Immediately, the people in the café begin calling. Non, non, monsieur, don’t drink, it’s no good. I don’t look up. Someone tries English, another German, and a third Spanish, I think. If they try Arabic, I’ll give them the finger. A woman trots up and taps me on the shoulder. In very loud French with gestures—cupping her hands, miming a swallow or two, then running her finger across her neck—she assures me the water is poisoned. Really? But, you see, madame, I have seen on le site Web of the Mayor’s office that the water from les fontaines Wallace is guaranteed potable. She looks as if she’s swallowed a fly, maybe a couple. Her response is perfect: Ah, but you speak French quite well. You must live here in Paris—or do you travel often? Business or pleasure? Do you know the quartier or have friends here? I have lived here all my life, the only part of Paris for me.
But the water, madame, the water. There’s nothing wrong with it. C’est une conte de bonne femme that it’s bad. Ah, she says, you even know phrases like old wives’ tale—très bien. Come, say hello to my friends, they will be impressed. I do, and they are. They offer me a beer, perhaps because it’s safer than the water, and I take it since that is what they are drinking—and besides for a stranger to offer you anything of value in Paris is not an event to miss or turn your nose up at. I talk about the water. They talk about my French: flattering. I talk about the water. They talk about the beer: boring. I talk about the water. They talk about the sans-logis: condescending. I talk about the water. Nothing doing. I offer to buy a round, but they decline. I say merci to all and leave. I am tired of talking about the water.

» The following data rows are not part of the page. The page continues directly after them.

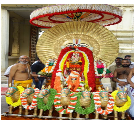
సూర్యప్రభ వాహనంపై స్వామివారు.
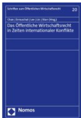
Das Öffentliche Wirtschaftsrecht in Zeiten internationaler Konflikte Ladenpreis: 65,80EUR
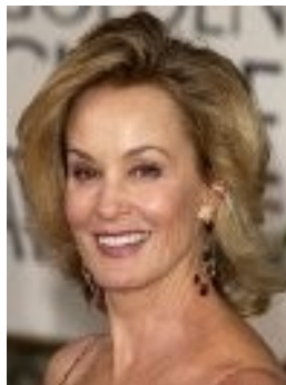
Jessica Lange (1940) - Angelique
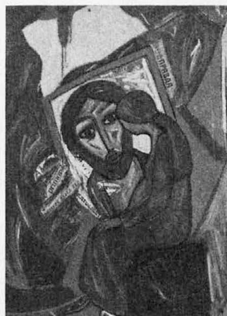
Kristus in Magdalena
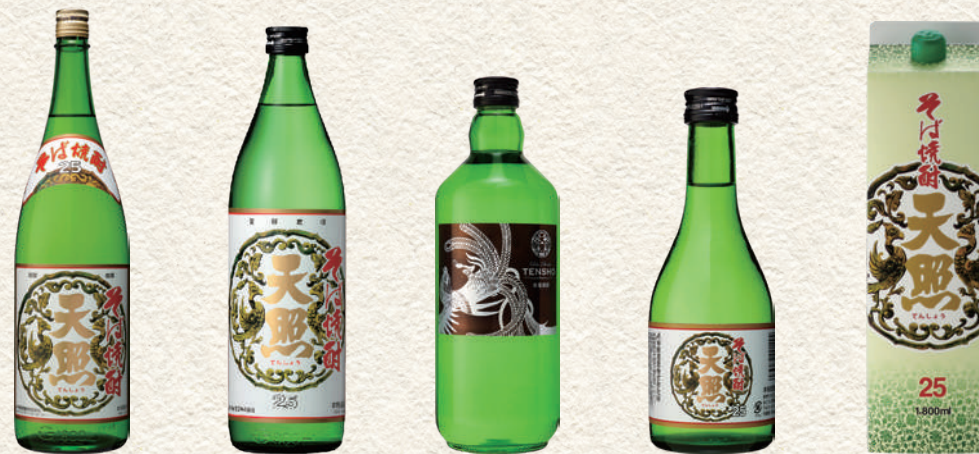
178 そば天照 180 そば天照 182 そば天照 183 そば天照 179 そば天照パック
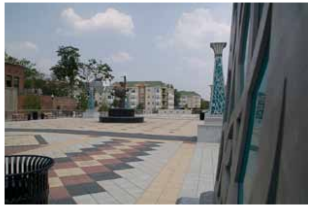
Piso Decatura Marta Plaza, Revista Concrete Internacional, agosto 2008.
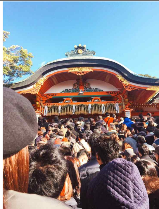
2017년 1월 1일 후시미이나리 신사
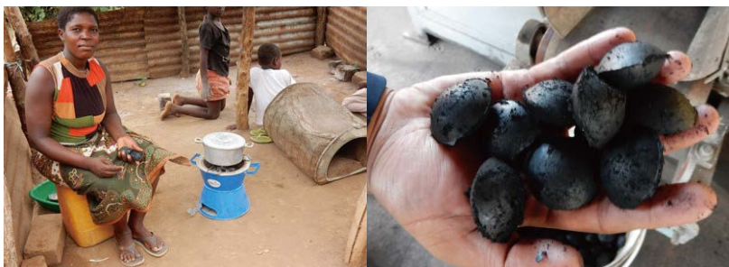
バイオコールブリケット
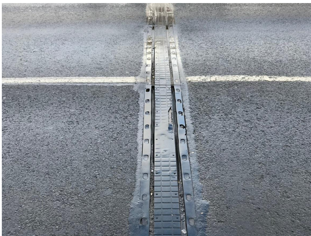
Obr.8 Detail poškození MZ na opěře 02
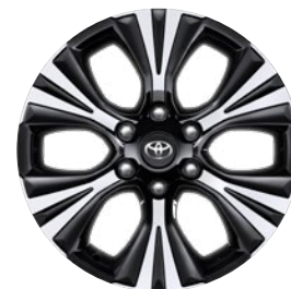
19" könnyűfém keréktárcsa Opcióként rendelhető a Comfort, Invincible és Executive modellekhez
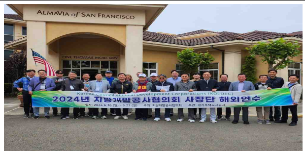
Almavia of San Francisco 방문
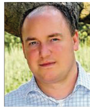
41 lět, z Wětošowa specialne transporty, wotnajer wuknje delnjoserbsce Lužiska alianca

3 Mam skrućenje serbskeje rěče na šulach a w pěstowarnjach za wažne. Zasadźec ču so za to, zo w serbskim wobtuku dale polnočasowe džělowe městna nastanu. Dalši wobtuk je turizm. Jón we Lužicy wódwěw, to sym sej w padže wuzwoljenja předewzał.
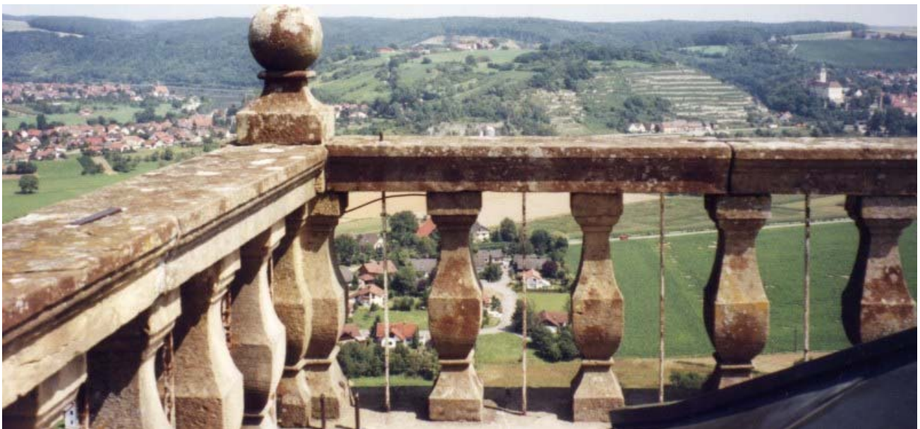
Blick vom Bergfried zu Schloss Horneck

Die nördlich der Kaiserpfalz Wimpfen an der Burgenstraße gelegene und einst um 1200 durch die Stauer zur Sicherung der Pfalz angelegte Burg, gehört zu den wenigen nie zerstörten oder eroberten Burgen. Durch geschickte Diplomatie und eine große Portion Glück blieb die Anlage 800 Jahre unberührt.
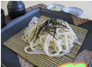
ざるうどん ざるそば 550円
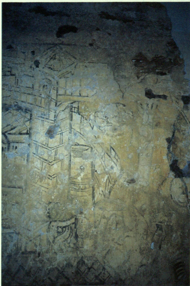
Abb. 1. Stadtdarstellung des späten 12. Jahrhunderts an der Nordwestwand des (ehem.) 2. Obergeschosses (Ausschnitt;).
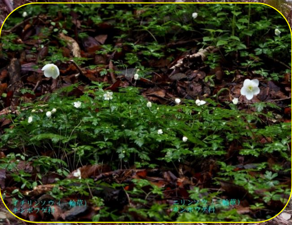
イチリンソウ (一輪草) キンポウゲ科
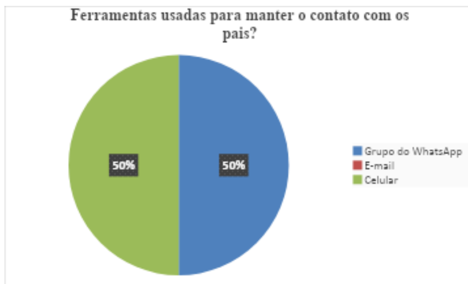
Grafico 5 Ferramentas usadas para manter o contato com os pais

Uma das estratégias utilizadas pelas escolas para o contato com os pais foi buscar apoio nas TICs e, para isso, utilizou-se o whatsapp . Tendo sido uma das atividades constantes, realizadas tanto pela escola quanto pelos professores para manter o diálogo com a família, pois além de aproximar a família da escola, cria-se uma parceria que trouxe benefícios tanto para o aprendizado dos alunos, quanto para fazer com que os pais tenham mais responsabilidade com a educação dos filhos. E, nesse sentido o uso de algumas ferramentas são importantes para fazer essa conexão entre pais e escola.
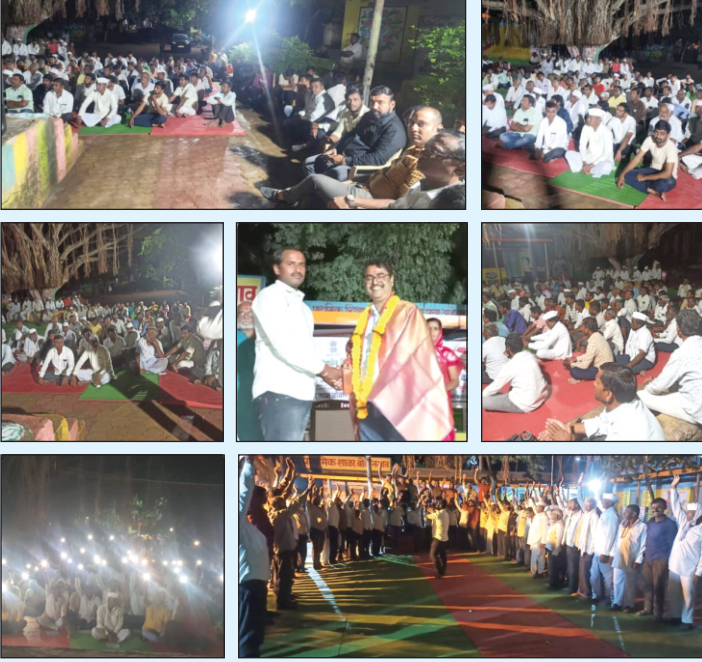
परिवर्तन प्रकल्प- सक्षम अंतर्गत परिवर्तन ग्राम बोकनगाव येथे पशुसंवर्धन विभाग, लातूर (महाराष्ट्र शासन) यांच्या सोबत ७ दिवसीय पशुपालन व दुग्ध व्यवसाय प्रशिक्षण सप्ताह

Up the street at the far end of the cigar-shaped island and out of sight of the café and my benefactors is the other Wallace fountain. All I wanted was a drink of water, and now even more to get the taste of beer out of my mouth. The restaurant I like can wait—water first, food later. I go right up to the fountain. A man starts yelling the water is no good. Merde, I say, go away. I stick my head between two virtuous caryatids at random and drink. The water is good. He is gone.